Banks hope that delayed payments will take time to recover the economy and bring consumers back. However, for those who do not know when to resume work, this may not be enough. Even before the epidemic, many Americans were overwhelmed and used to record credit cards and other debt to keep pace with the increasing costs of college, healthcare, housing, and other costs.

Discover, Capital One, American Express Co., JP Morgan Chase & Co. And other card issuers have raised billions of dollars in additional funds to prepare for potentially large credit losses. “We’re clearly getting worse,” said Roger Hochschild, CEO of Discover Discovery. “It’s very fast and miserable.” Some lenders have reduced creditworthiness for new applicants or existing customers.

Banks like Citigroup Inc., Discover, and Synchrony have closed credit cards that haven’t been used for a while or have reduced spending limits. The company said it has taken steps to reduce risk before pandemics. However, due to these measures, some borrowers can only get loans when they need it most. However, for card issuers, loss of payment is not the only problem.

Card spending for travel and other categories is decreasing.
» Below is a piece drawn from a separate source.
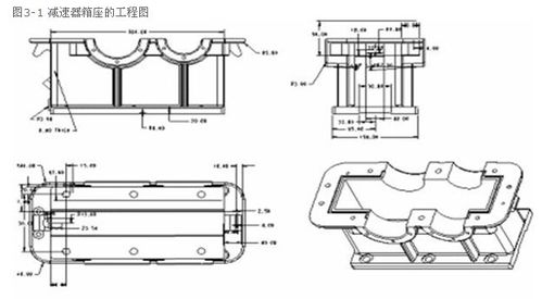 對于減速器箱座的工程圖,一般情況下需繪制各個零件的平面視圖,部件裝配體的平面視圖,總裝配體的平面視圖。這里僅以箱座零件圖作為示例,給出它的示例如圖3-1所示。

This means that many of the fees charged by banks when making payments by card do not generate much income. And since people at home do not shop, many people cut their credit card costs. This is a problem for publishers specializing in business cards (including sync and affiliate data systems).

Brian Riley, Chief Credit Consultant of the Mercator Advisory Group, said: “Until everything is settled, the credit card’s profitability and risk will be greatly reduced.”